# Problems with cold smoking bacon



## craigdchang (Oct 1, 2015)

I am working on my second belly. I have a MES 30. I used pop's brine for 14 days. I then let it sit for two days in the frig after rinsing and pat dry. I have a MES cold smoke generator and have gotten the smoke temp down to 70 degrees. I am using apple wood, and after 6 hours I took it out to rest before another batch of smoke. When I took it out I noticed a lot of moisture on the bacon. I pat dry and put it in the frig over night. I gave it another 8 hours of cold smoke and pulled it out to chill in the frig. I noticed that moisture again.
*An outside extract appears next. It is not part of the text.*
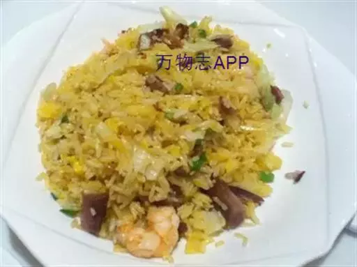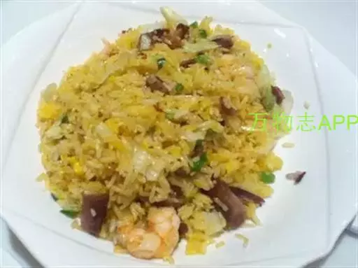 原料:熟虾肉40克,叉烧细丁80克,冬菇丁20克,葱花10克,净蛋80克,油20克,精盐2克,味精2克,白饭300克。

Is this a bad thing or should I just continue to pat dry and let it chill in the frig.


----------



## oregon smoker (Oct 1, 2015)

what I believe from all my reading on this site that this is somewhat normal if there is excess moisture in the meat or condensation happening inside your MES. there are many people out here far more versed on this and the wet cure method than myself.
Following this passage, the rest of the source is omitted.